DATA SUPPLIED Start Marker

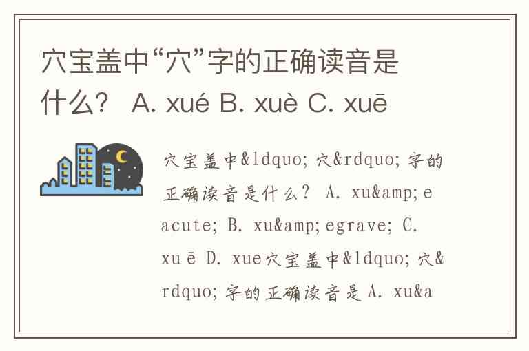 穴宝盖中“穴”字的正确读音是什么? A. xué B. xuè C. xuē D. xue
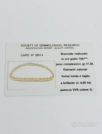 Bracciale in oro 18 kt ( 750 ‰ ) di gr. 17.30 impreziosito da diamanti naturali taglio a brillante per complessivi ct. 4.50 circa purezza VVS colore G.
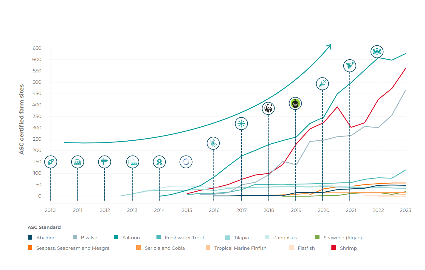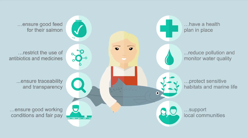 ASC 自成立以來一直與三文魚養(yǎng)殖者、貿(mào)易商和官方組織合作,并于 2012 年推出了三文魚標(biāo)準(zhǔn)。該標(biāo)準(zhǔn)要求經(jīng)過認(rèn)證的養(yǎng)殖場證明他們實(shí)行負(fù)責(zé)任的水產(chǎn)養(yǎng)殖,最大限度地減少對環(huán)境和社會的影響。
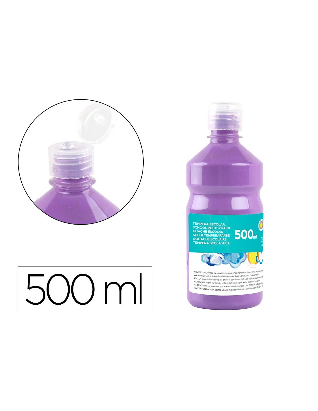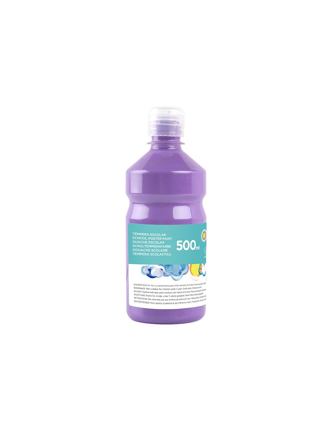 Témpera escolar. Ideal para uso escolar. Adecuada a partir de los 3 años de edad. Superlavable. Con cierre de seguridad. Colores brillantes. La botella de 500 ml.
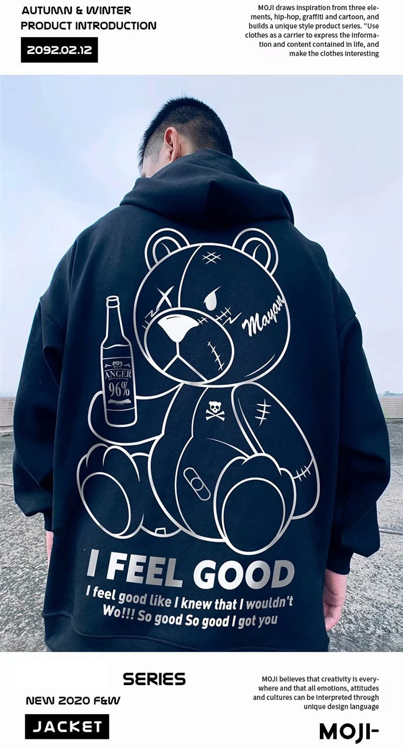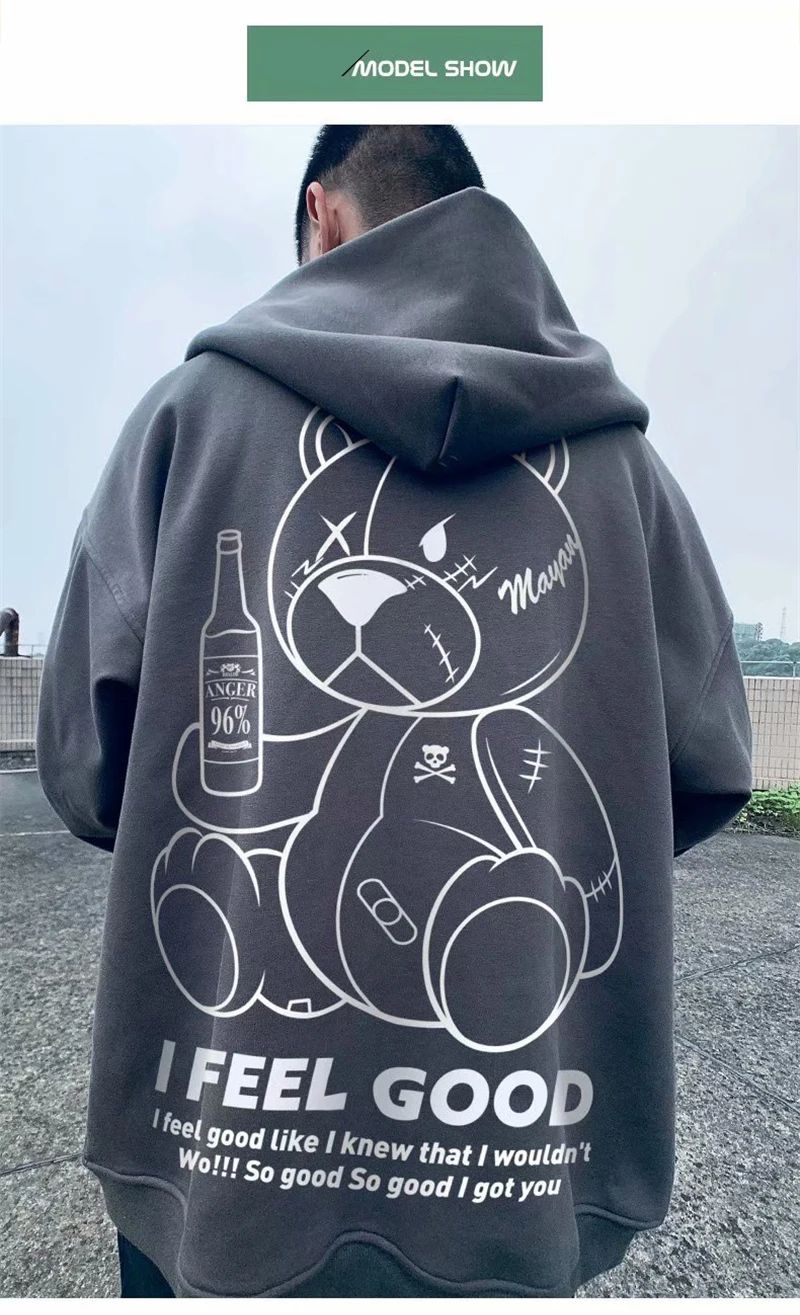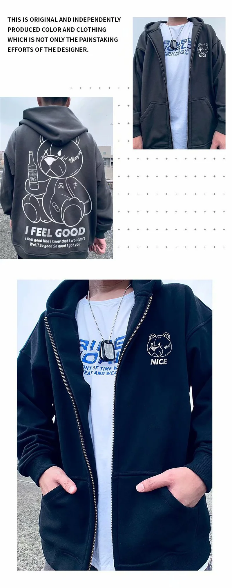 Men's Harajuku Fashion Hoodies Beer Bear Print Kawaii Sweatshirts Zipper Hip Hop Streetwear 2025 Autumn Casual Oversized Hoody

DATA SUPPLIED End Marker
DATA SUPPLIED Start Marker

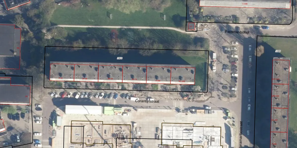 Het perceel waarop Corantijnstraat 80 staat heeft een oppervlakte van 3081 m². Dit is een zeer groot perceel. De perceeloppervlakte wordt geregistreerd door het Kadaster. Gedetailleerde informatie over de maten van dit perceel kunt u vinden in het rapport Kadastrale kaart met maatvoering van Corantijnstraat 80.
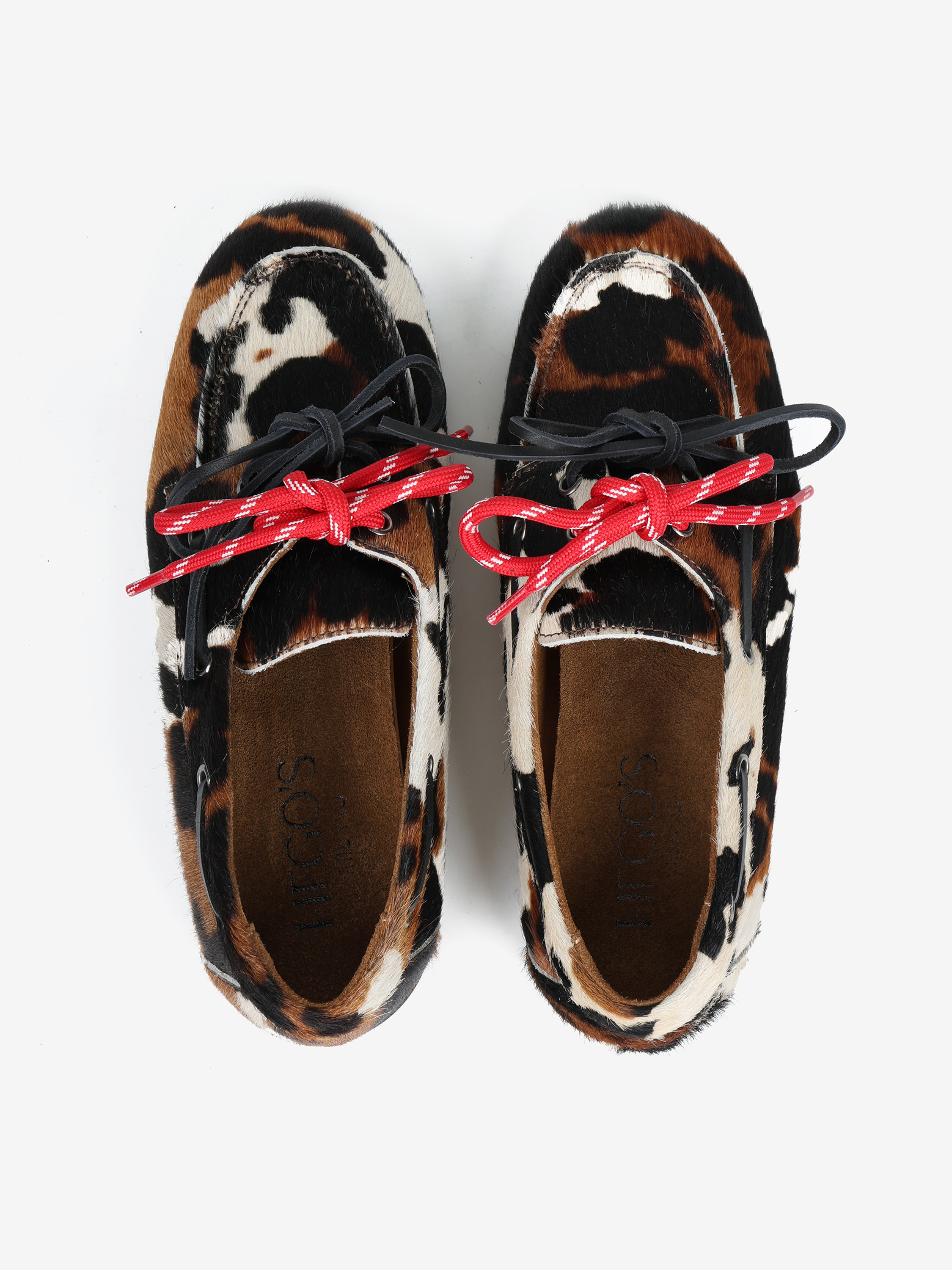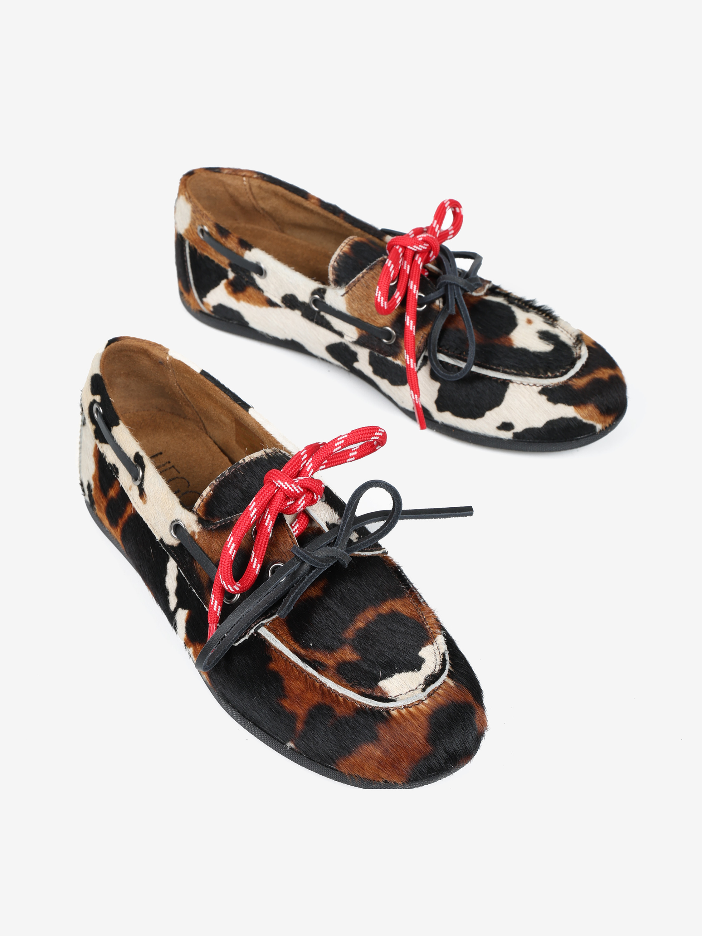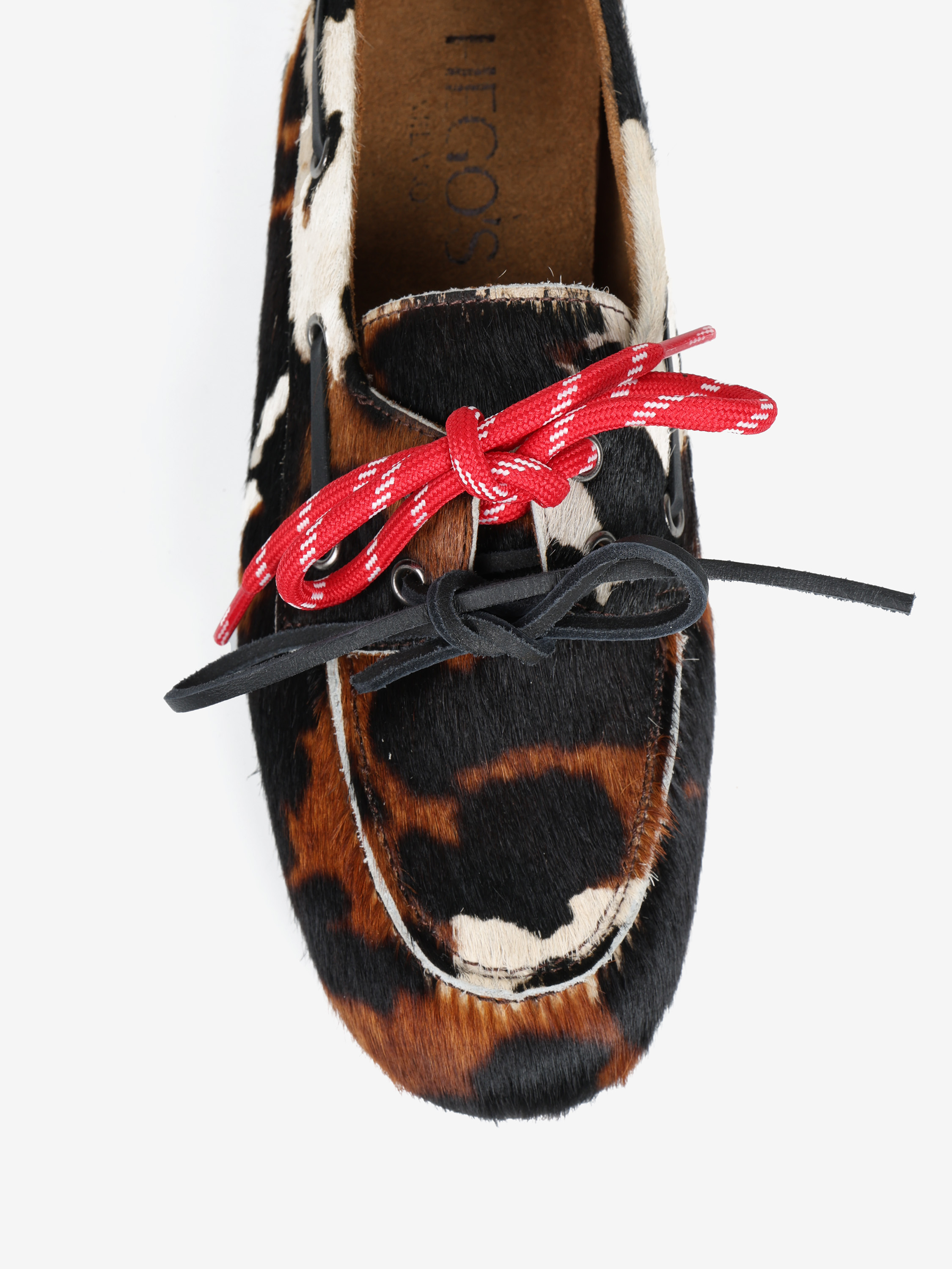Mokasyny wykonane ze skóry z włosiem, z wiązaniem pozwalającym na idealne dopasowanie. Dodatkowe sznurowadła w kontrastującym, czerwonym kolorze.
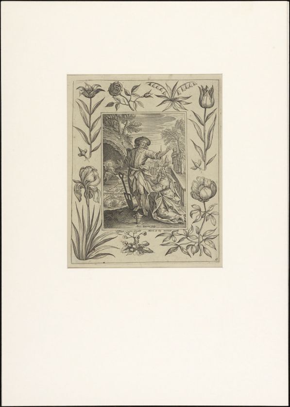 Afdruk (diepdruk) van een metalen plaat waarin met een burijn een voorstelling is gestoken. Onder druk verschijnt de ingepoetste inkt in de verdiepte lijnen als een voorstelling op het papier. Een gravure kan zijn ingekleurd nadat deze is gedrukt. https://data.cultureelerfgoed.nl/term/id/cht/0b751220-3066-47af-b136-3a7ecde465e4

DATA SUPPLIED End Marker
DATA SUPPLIED Start Marker

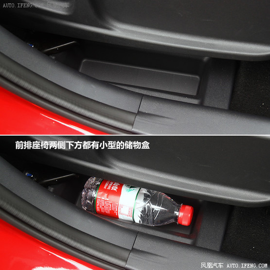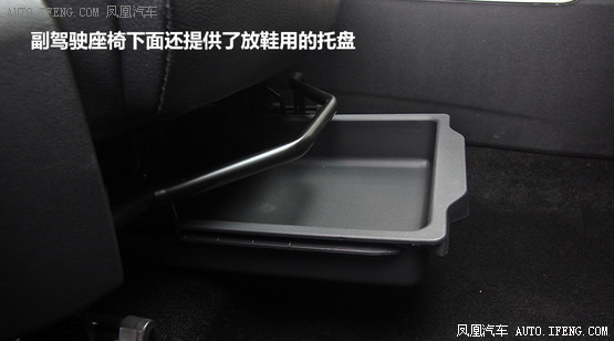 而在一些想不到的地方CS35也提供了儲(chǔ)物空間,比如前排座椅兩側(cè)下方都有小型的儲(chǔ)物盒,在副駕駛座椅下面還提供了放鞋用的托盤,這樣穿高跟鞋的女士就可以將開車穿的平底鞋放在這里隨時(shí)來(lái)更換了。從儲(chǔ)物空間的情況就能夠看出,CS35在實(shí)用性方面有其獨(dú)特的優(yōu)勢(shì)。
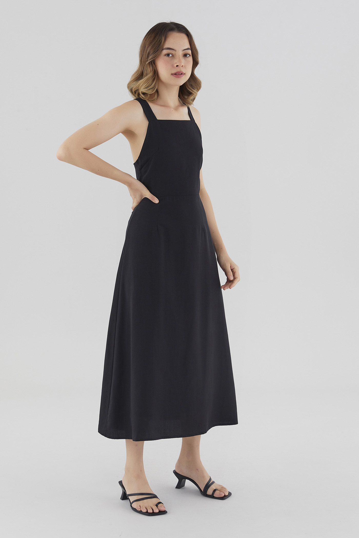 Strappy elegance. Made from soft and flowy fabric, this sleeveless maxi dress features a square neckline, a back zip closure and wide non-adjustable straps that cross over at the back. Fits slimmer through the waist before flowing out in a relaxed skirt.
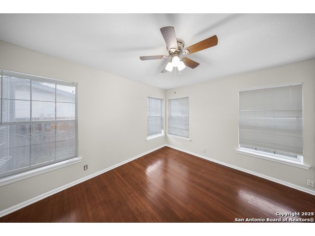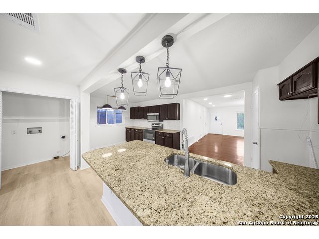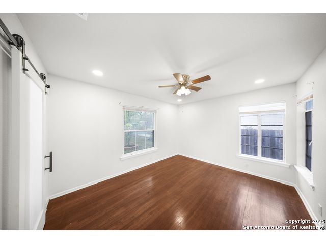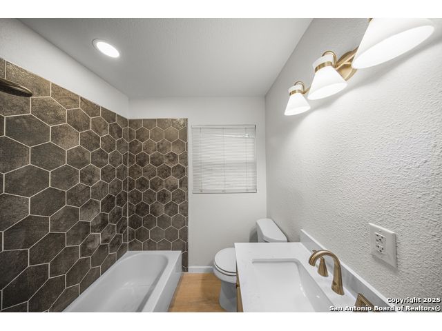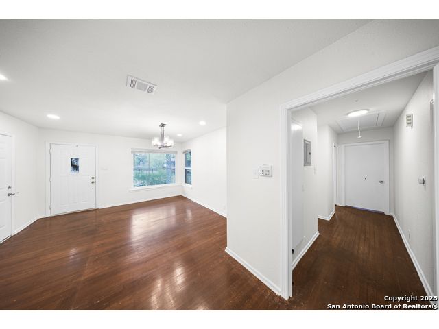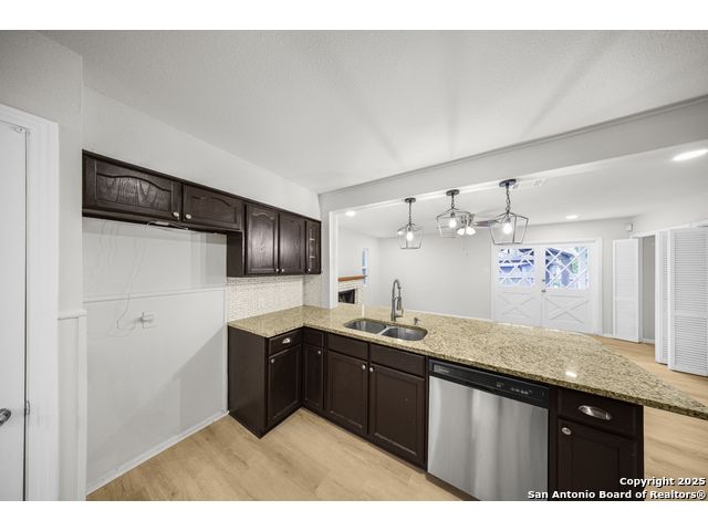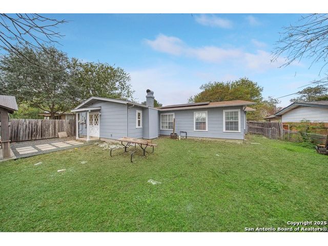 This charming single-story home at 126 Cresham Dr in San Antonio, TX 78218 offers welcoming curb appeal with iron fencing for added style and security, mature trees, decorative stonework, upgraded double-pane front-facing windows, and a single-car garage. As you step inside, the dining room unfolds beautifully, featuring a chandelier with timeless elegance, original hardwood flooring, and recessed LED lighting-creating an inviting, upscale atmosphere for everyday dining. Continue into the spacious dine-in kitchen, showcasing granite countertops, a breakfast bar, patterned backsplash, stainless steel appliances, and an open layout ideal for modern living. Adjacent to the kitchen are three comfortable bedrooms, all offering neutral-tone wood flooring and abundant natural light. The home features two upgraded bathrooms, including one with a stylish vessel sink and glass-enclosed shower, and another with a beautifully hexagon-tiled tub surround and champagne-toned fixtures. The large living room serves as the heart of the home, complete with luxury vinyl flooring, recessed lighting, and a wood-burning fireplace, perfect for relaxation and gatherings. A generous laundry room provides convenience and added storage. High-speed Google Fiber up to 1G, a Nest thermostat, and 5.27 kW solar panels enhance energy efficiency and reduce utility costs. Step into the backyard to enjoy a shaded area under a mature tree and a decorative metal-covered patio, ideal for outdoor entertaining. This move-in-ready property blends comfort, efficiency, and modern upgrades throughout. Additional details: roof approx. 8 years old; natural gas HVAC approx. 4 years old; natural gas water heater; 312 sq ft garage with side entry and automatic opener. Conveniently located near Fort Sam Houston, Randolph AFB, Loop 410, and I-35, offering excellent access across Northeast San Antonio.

DATA SUPPLIED End Marker

▶ [TRY IT]
Start at the line containing "C. xuē D. xue" above and stop at the line containing "Témpera escolar. Ideal". Output those lines exactly, both included, but none of the pictures.

▶ [TASK RESPONSE]
 穴宝盖中“穴”字的正确读音是什么? A. xué B. xuè C. xuē D. xue
 Bracciale in oro 18 kt ( 750 ‰ ) di gr. 17.30 impreziosito da diamanti naturali taglio a brillante per complessivi ct. 4.50 circa purezza VVS colore G.
 ASC 自成立以來一直與三文魚養(yǎng)殖者、貿(mào)易商和官方組織合作,并于 2012 年推出了三文魚標(biāo)準(zhǔn)。該標(biāo)準(zhǔn)要求經(jīng)過認(rèn)證的養(yǎng)殖場證明他們實(shí)行負(fù)責(zé)任的水產(chǎn)養(yǎng)殖,最大限度地減少對環(huán)境和社會的影響。
 Témpera escolar. Ideal para uso escolar. Adecuada a partir de los 3 años de edad. Superlavable. Con cierre de seguridad. Colores brillantes. La botella de 500 ml.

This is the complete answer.